All of the listing below must be repeated word for word. Pictures are the only thing to omit.

——

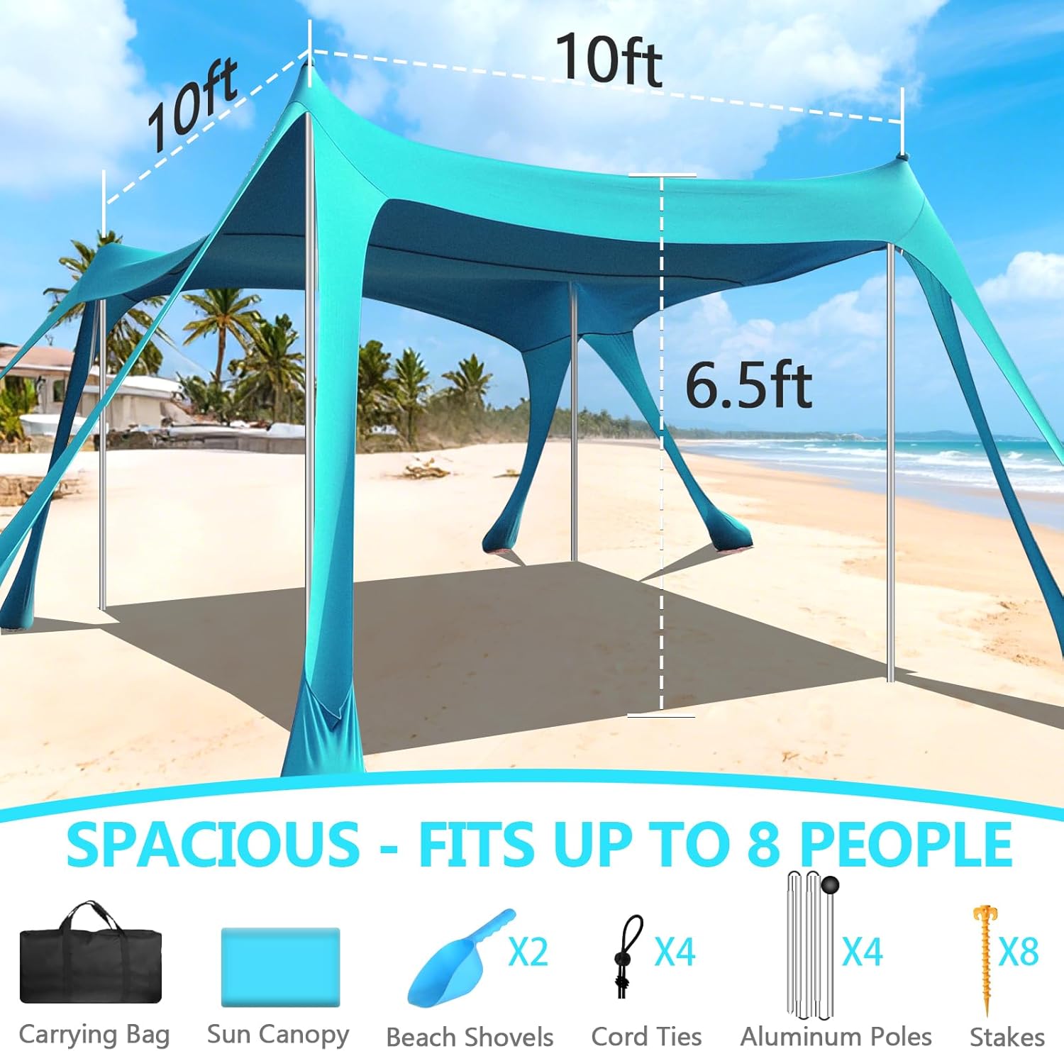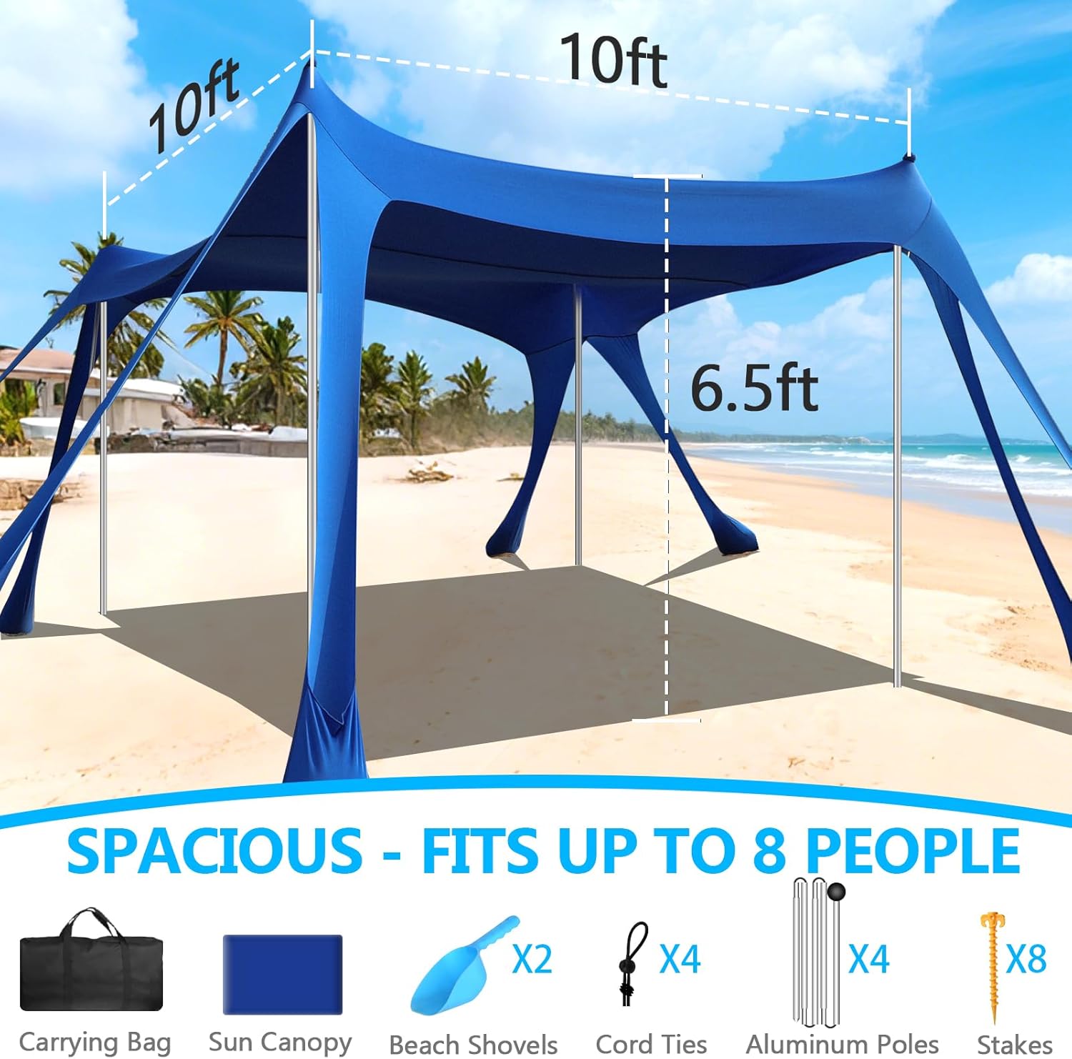 - Spacious & Ventilated Design - Choose from 10'x10' (fits 2-8 people) with a 6.5' ceiling for extra room. Store chairs, towels, and coolers inside while enjoying 360° airflow—perfect for beach days or outdoor adventures.
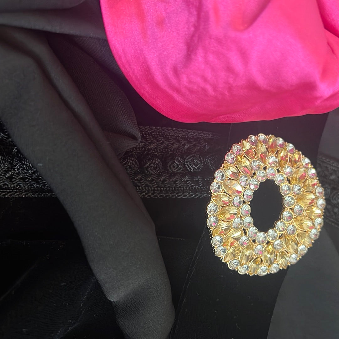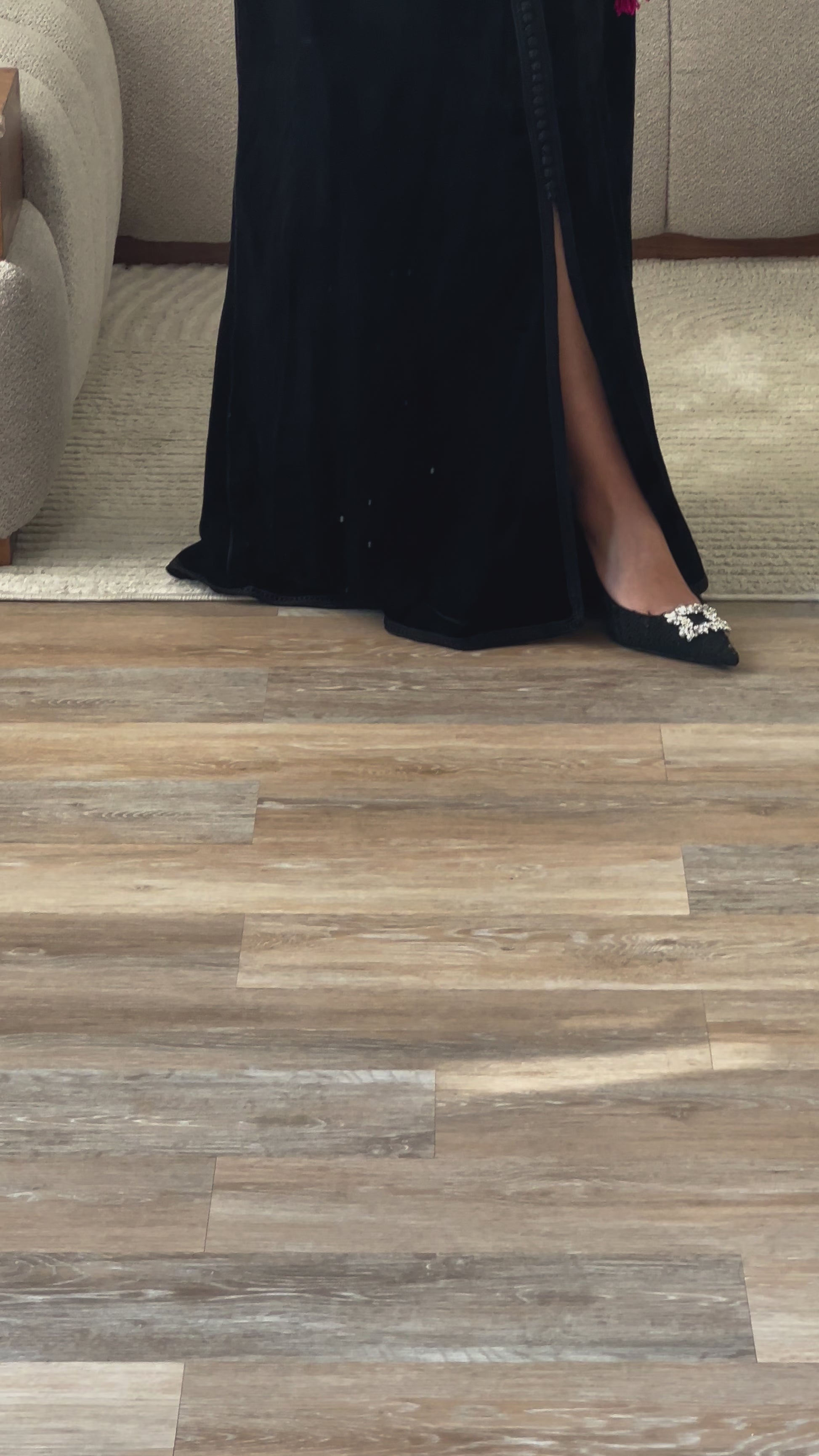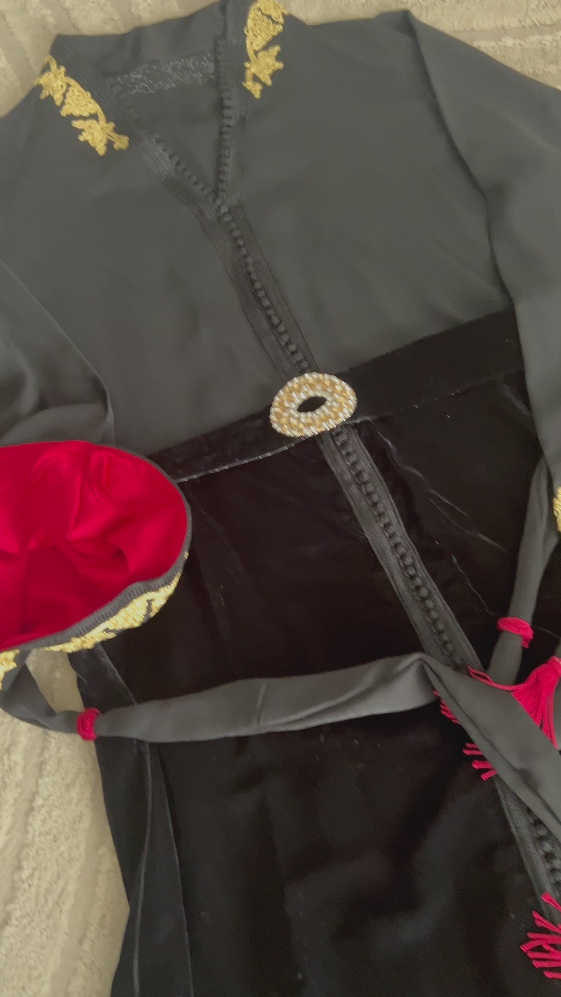 velours de soie et crêpe avec revers rose fushia ou rouge au niveau des manches.
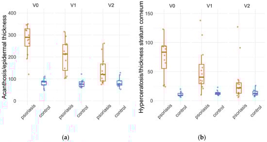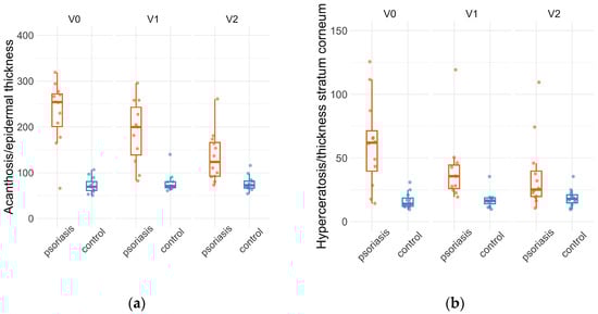 (a) AI model measurement of epidermal thickness/acanthosis (in µm) in the SP (orange) and CoA (blue) before (V0) and under therapy (V1 after 4 weeks, V2 after 12 weeks); (b) AI-model measurement of stratum corneum/hyperkeratosis (in µm) in the SP (orange) and CoA (blue) before (V0) and under therapy (V1 after 4 weeks, V2 after 12 weeks). SP = study plaque, CoA = control area; µm = micrometer.
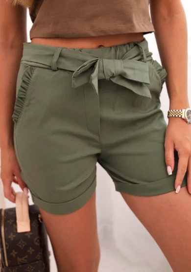 Spodenki damskie z wysokim stanem i paskiem Khaki
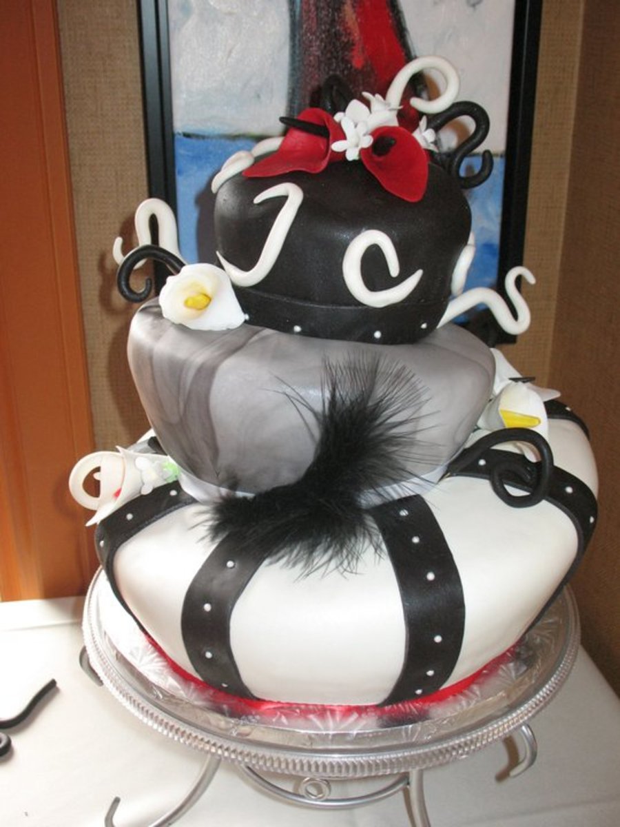 This was a cake requested by my good friend, Her colors were black, white and red and she wanted a topsy turvy funky style cake. This is what I came up with. She loved it and I had a blast making it :)

——

FINISHED EXERCISE ->
 - Spacious & Ventilated Design - Choose from 10'x10' (fits 2-8 people) with a 6.5' ceiling for extra room. Store chairs, towels, and coolers inside while enjoying 360° airflow—perfect for beach days or outdoor adventures.
 velours de soie et crêpe avec revers rose fushia ou rouge au niveau des manches.
 (a) AI model measurement of epidermal thickness/acanthosis (in µm) in the SP (orange) and CoA (blue) before (V0) and under therapy (V1 after 4 weeks, V2 after 12 weeks); (b) AI-model measurement of stratum corneum/hyperkeratosis (in µm) in the SP (orange) and CoA (blue) before (V0) and under therapy (V1 after 4 weeks, V2 after 12 weeks). SP = study plaque, CoA = control area; µm = micrometer.
 Spodenki damskie z wysokim stanem i paskiem Khaki
 This was a cake requested by my good friend, Her colors were black, white and red and she wanted a topsy turvy funky style cake. This is what I came up with. She loved it and I had a blast making it :)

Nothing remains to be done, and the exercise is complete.